1. Make sure you have `tensorboard-plugin-profile`, `tensorflow` and `tensorboard` packages installed
2. Follow instructions [here](https://cloud.google.com/tpu/docs/profile-tpu-vm#start_profiling_the_model_training) to start the Tensorboard server

#### Access Metrics on Google Cloud Monitoring

By default, performance data is automatically sent to Google Cloud Monitoring,
enabling visualization and alerting on dashboards.

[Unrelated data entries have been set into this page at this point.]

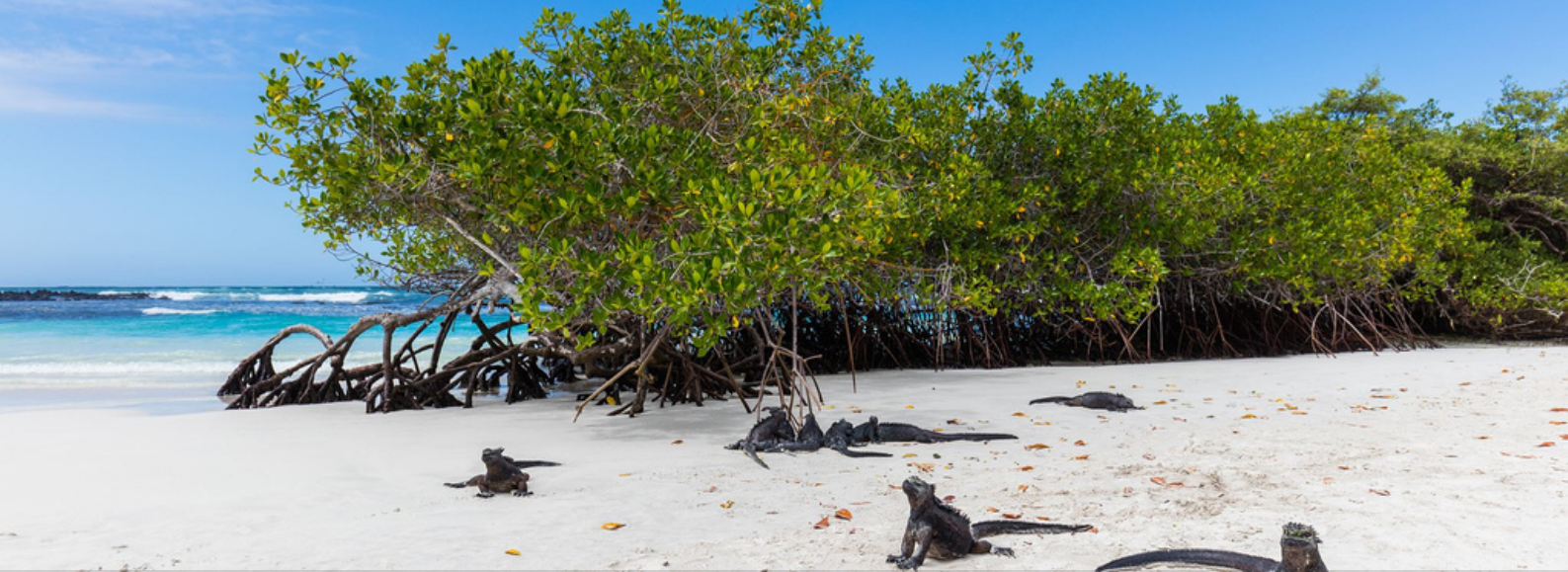
Marine Iguanas Tortuga Bay (Santa Cruz Island)
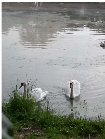
Swans near our dormitory

When we arrived, German student met us at the airport and transport us to the dormitory. So before my study begins I have time to observe the city and take part in Kick-Off Day which is very well organized. After Kick-Off Day we had a BBQ party.
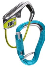
Jul² Belay Kit Bulletproof Triple 73732
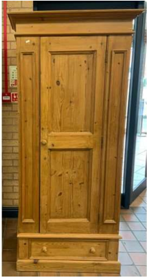
33. M - PINE SINGLE ROBE
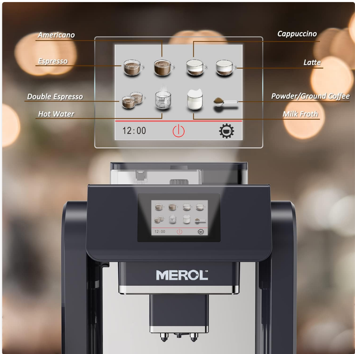
Image: The intuitive LCD control panel displaying various coffee drink selections, including Americano, Espresso, Double Espresso, Hot Water, Cappuccino, Latte, Powder/Ground Coffee, and Milk Froth.

This includes both cumulative
and rolling window metrics.

The metrics currently sent to Google Cloud Monitoring are:

- **Cumulative Goodput:**
  [workload/goodput_time](https://cloud.google.com/monitoring/api/metrics_gcp#:~:text=workload/goodput_time)
- **Cumulative Badput:**
  [workload/badput_time](https://cloud.google.com/monitoring/api/metrics_gcp#:~:text=workload/badput_time)
- **Rolling Window Goodput:**
  [workload/interval_goodput](https://cloud.google.com/monitoring/api/metrics_gcp#:~:text=workload/interval_goodput)
- **Rolling Window Badput:**
  [workload/interval_badput](https://cloud.google.com/monitoring/api/metrics_gcp#:~:text=workload/interval_badput)
- **Total Elapsed Time:**
  [workload/total_elapsed_time](https://cloud.google.com/monitoring/api/metrics_gcp#:~:text=workload/total_elapsed_time)
- **Maximum Productive Step:**
  [workload/max_productive_steps](https://cloud.google.com/monitoring/api/metrics_gcp#:~:text=workload/max_productive_steps)
- **Disruption Count:**
  [workload/disruptions](https://cloud.google.com/monitoring/api/metrics_gcp#:~:text=workload/disruptions)
- **Step Time Deviation:**
  [workload/step_time_deviation](https://cloud.google.com/monitoring/api/metrics_gcp#:~:text=workload/step_time_deviation)
- **Ideal Step Time:**
  [workload/performance](https://cloud.google.com/monitoring/api/metrics_gcp#:~:text=workload/performance)

This feature leverages Google VM metadata (project ID, location, accelerator type)
and supports replica IDs for uniquely identifying workloads in multi-replica
deployments.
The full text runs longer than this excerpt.